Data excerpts
★ ★ ★ ★

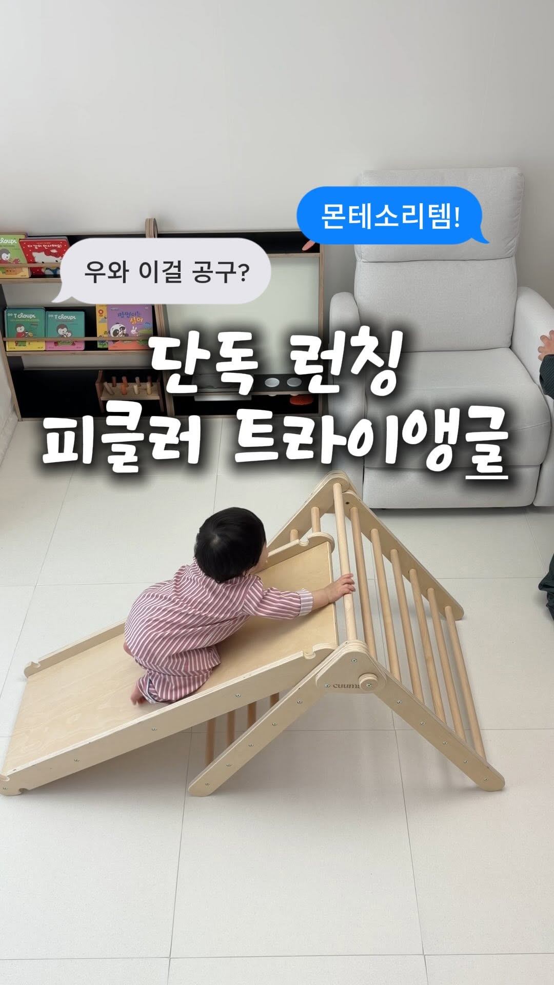 🎠 피클러 트라이앵글 켈리맘 단독 런칭 ✨ 📆 4/16(목) open ‼️ 한정수량 30개(꼭 필요하신 분들을 위해 어렵게 구해왔습니다) 📩 댓글 남겨주시면 오픈일에 알림 드립니다. 유럽 부모님들은 무조건 알고있는 #piklertriangle 👈 해시테그를 눌러서 해외맘들이 활용하는 모습을 보셔요🙌🔥 저희 우주는 대근육 발달이 빠른편이에요! 처음부터 잘 걸었느냐? 🙅♂️ 네발기기도 잘 못해서 머리를 바닥에 대고 끙끙 밀고 다니던 아이였답니다. 손과 발의 협응을 길러주기 위해 들인 대근육기구‼️ 이미 해외에서는 너~무나 유명한 발달육아템입니다. 한국에는 몬테소리에 관심이 많아지면서 최근에 급부상하고 있는 제품이에요. 생소한 부모님들을 위해 설명 드릴게요! 🪜피클러 트라이앵글이란? 헝가리의 소아과 의사 에미 피클러(Emmi Pikler)가 스스로 자신의 신체 능력을 시험하고 조절하는 법 배우는 몬테소리 철학과 흐름을 같이합니다📚 팔과 다리의 근력을 키우고 전신의 균형감각을 발달하며, 생후 6개월부터 권장하고 있는 발달 기구입니다! 👶🏻 권장 사용 시기 📍생후 6개월 ~ : 물건을 잡고 일어서기 시작할 때 지지대 역할 📍생후 12개월 즈음 - 슬라이드 보드(경사판)를 낮은 각도로 연결 - 한 칸씩 발을 딛고 올라가는 연습을 시작 - 배를 바닥으로 향하게 하여 미끄럼 📍 생후 18개월 이후 - 가파른 각도로 슬라이드를 조절 - 미끄럼과 소파를 연결해 구름다리를 만들어 건너기 💡 핵심은 지켜보기! ➡️ "부모는 거들 뿐!" 아이가 스스로 할 때까지 충분히 기다려 주는 것이 피클러 교육법의 핵심입니다. 😭 다칠까봐 불안해서 ‘안돼!’라고 말하고싶어요. ➡️ 아이의 자립심을 해치지 않으면서 부모의 불안도 줄이는 '피클러식 거리두기' 방법이 있어요. 아이가 끝까지 올라가지 않고 중간에서 내려온다면, 그건 아이가 스스로 판단한 '자신의 한계'입니다. "끝까지 올라가 봐!"라고 독려하거나 반대로 무서워한다고 바로 내려주는 것 모두 아이의 경험을 방해할 수 있어요. 저희 부부는 “하지마!” “안돼!” “아빠가 해줄께!” 라고 하기보다, 아이가 스스로 몸을 움직이며 자율성과 자기조절력을 깨우치는 과정을 믿고 지켜봐 주기로 했습니다 쓰다보니 말이 길어졌어요! 저희가 찐으로 사용하고 있는 이 제품은 사실은 해외 직구로 구매했어야 했던 제품이지만, 최근에 국내에서 튼튼하고 가격까지 합리적인 제품이 출시되어 매우 극소량이지만 공구로 소개하게 되었습니다🔥 아이의 건강한 발달을 위해 꼭 필요하신 분께는 매우 도움이 되는 공구일듯합니다! #피클러트라이앵글 #대근육발달 #집콕놀이터
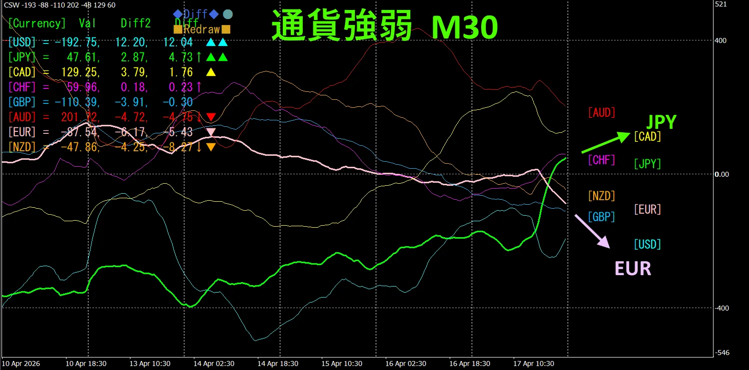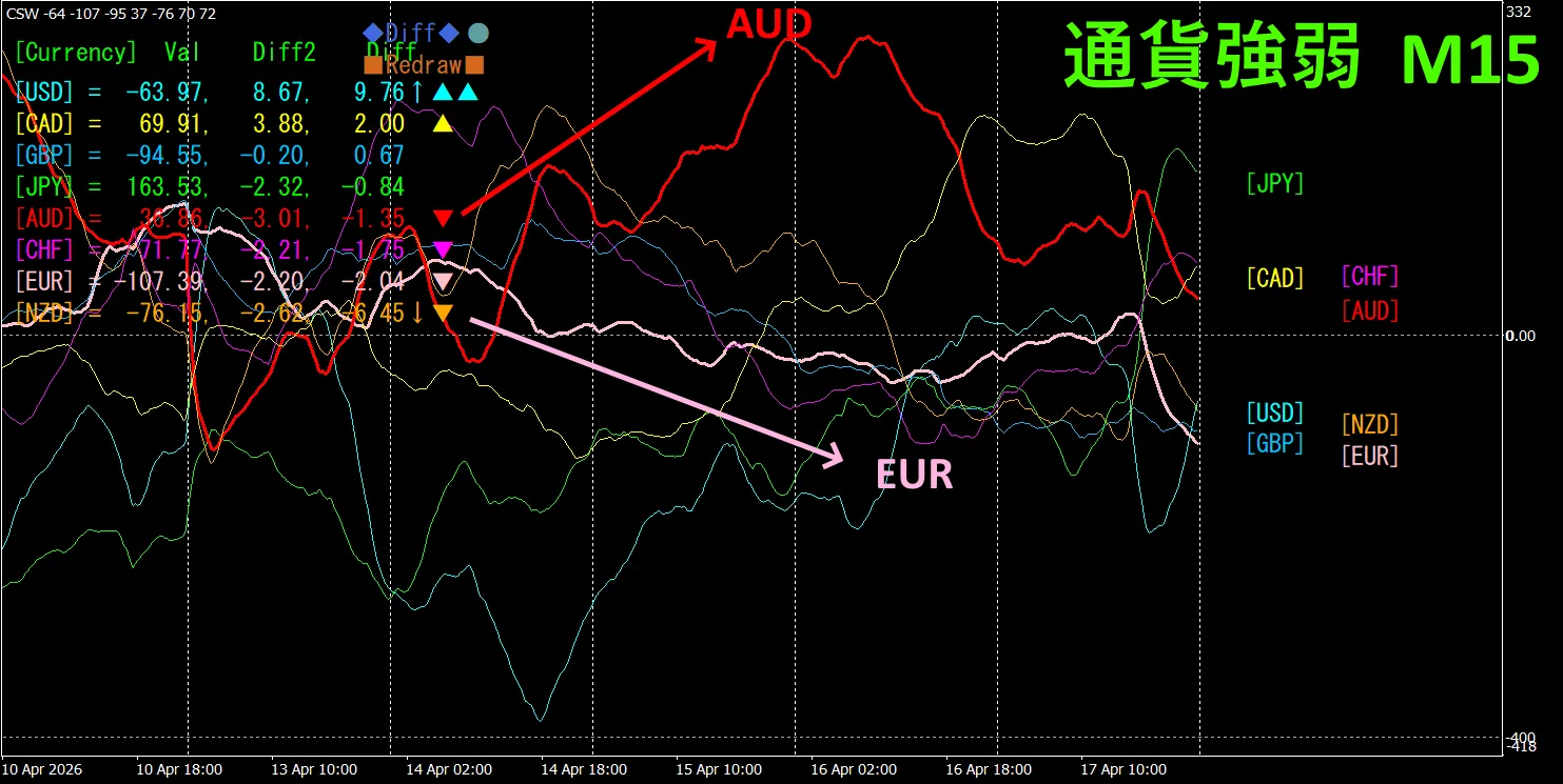 15分足の通貨強弱グラフを見ると、AUDとEURが、逆相関関係になっていることがわかります。AUDとEURが拡散して広がっている部分だけでトレードをします。拡散時にEURAUDを売りでトレードすれば良いのです。逆相関関係になっているので、そのポイントだけ狙ってトレードします。
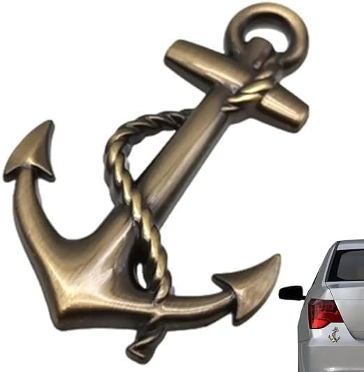 Generic - ملصقات سيارة معدنية بتصميم مرساة السفينة، ملصق جسم عالمي ذهبي ثلاثي الابعاد بلون نحاسي، شعار جانبي معدني، ملصق الباب الخلفي - SACAR
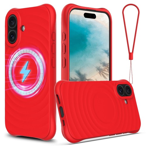For iPhone 16 Plus Case Compatible with MagSafe Ripple Texture Liquid Silicone Protective Cover with Strap – Pink
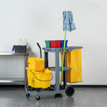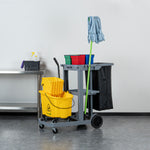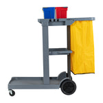 GRAY 3-SHELF JANITOR CART - 18 GAL BAG, 4 BUCKETS
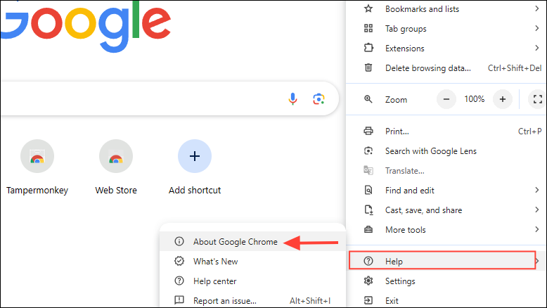 - Click on the three dots at the top right in Chrome and go to 'Help' before clicking on 'About Google Chrome'.

★ ★ ★ ★

▶ How to complete this task: Print every entry exactly; omit the pictures.

▶ Worked solution:
 🎠 피클러 트라이앵글 켈리맘 단독 런칭 ✨ 📆 4/16(목) open ‼️ 한정수량 30개(꼭 필요하신 분들을 위해 어렵게 구해왔습니다) 📩 댓글 남겨주시면 오픈일에 알림 드립니다. 유럽 부모님들은 무조건 알고있는 #piklertriangle 👈 해시테그를 눌러서 해외맘들이 활용하는 모습을 보셔요🙌🔥 저희 우주는 대근육 발달이 빠른편이에요! 처음부터 잘 걸었느냐? 🙅♂️ 네발기기도 잘 못해서 머리를 바닥에 대고 끙끙 밀고 다니던 아이였답니다. 손과 발의 협응을 길러주기 위해 들인 대근육기구‼️ 이미 해외에서는 너~무나 유명한 발달육아템입니다. 한국에는 몬테소리에 관심이 많아지면서 최근에 급부상하고 있는 제품이에요. 생소한 부모님들을 위해 설명 드릴게요! 🪜피클러 트라이앵글이란? 헝가리의 소아과 의사 에미 피클러(Emmi Pikler)가 스스로 자신의 신체 능력을 시험하고 조절하는 법 배우는 몬테소리 철학과 흐름을 같이합니다📚 팔과 다리의 근력을 키우고 전신의 균형감각을 발달하며, 생후 6개월부터 권장하고 있는 발달 기구입니다! 👶🏻 권장 사용 시기 📍생후 6개월 ~ : 물건을 잡고 일어서기 시작할 때 지지대 역할 📍생후 12개월 즈음 - 슬라이드 보드(경사판)를 낮은 각도로 연결 - 한 칸씩 발을 딛고 올라가는 연습을 시작 - 배를 바닥으로 향하게 하여 미끄럼 📍 생후 18개월 이후 - 가파른 각도로 슬라이드를 조절 - 미끄럼과 소파를 연결해 구름다리를 만들어 건너기 💡 핵심은 지켜보기! ➡️ "부모는 거들 뿐!" 아이가 스스로 할 때까지 충분히 기다려 주는 것이 피클러 교육법의 핵심입니다. 😭 다칠까봐 불안해서 ‘안돼!’라고 말하고싶어요. ➡️ 아이의 자립심을 해치지 않으면서 부모의 불안도 줄이는 '피클러식 거리두기' 방법이 있어요. 아이가 끝까지 올라가지 않고 중간에서 내려온다면, 그건 아이가 스스로 판단한 '자신의 한계'입니다. "끝까지 올라가 봐!"라고 독려하거나 반대로 무서워한다고 바로 내려주는 것 모두 아이의 경험을 방해할 수 있어요. 저희 부부는 “하지마!” “안돼!” “아빠가 해줄께!” 라고 하기보다, 아이가 스스로 몸을 움직이며 자율성과 자기조절력을 깨우치는 과정을 믿고 지켜봐 주기로 했습니다 쓰다보니 말이 길어졌어요! 저희가 찐으로 사용하고 있는 이 제품은 사실은 해외 직구로 구매했어야 했던 제품이지만, 최근에 국내에서 튼튼하고 가격까지 합리적인 제품이 출시되어 매우 극소량이지만 공구로 소개하게 되었습니다🔥 아이의 건강한 발달을 위해 꼭 필요하신 분께는 매우 도움이 되는 공구일듯합니다! #피클러트라이앵글 #대근육발달 #집콕놀이터
 15分足の通貨強弱グラフを見ると、AUDとEURが、逆相関関係になっていることがわかります。AUDとEURが拡散して広がっている部分だけでトレードをします。拡散時にEURAUDを売りでトレードすれば良いのです。逆相関関係になっているので、そのポイントだけ狙ってトレードします。
 Generic - ملصقات سيارة معدنية بتصميم مرساة السفينة، ملصق جسم عالمي ذهبي ثلاثي الابعاد بلون نحاسي، شعار جانبي معدني، ملصق الباب الخلفي - SACAR
For iPhone 16 Plus Case Compatible with MagSafe Ripple Texture Liquid Silicone Protective Cover with Strap – Pink
 GRAY 3-SHELF JANITOR CART - 18 GAL BAG, 4 BUCKETS
 - Click on the three dots at the top right in Chrome and go to 'Help' before clicking on 'About Google Chrome'.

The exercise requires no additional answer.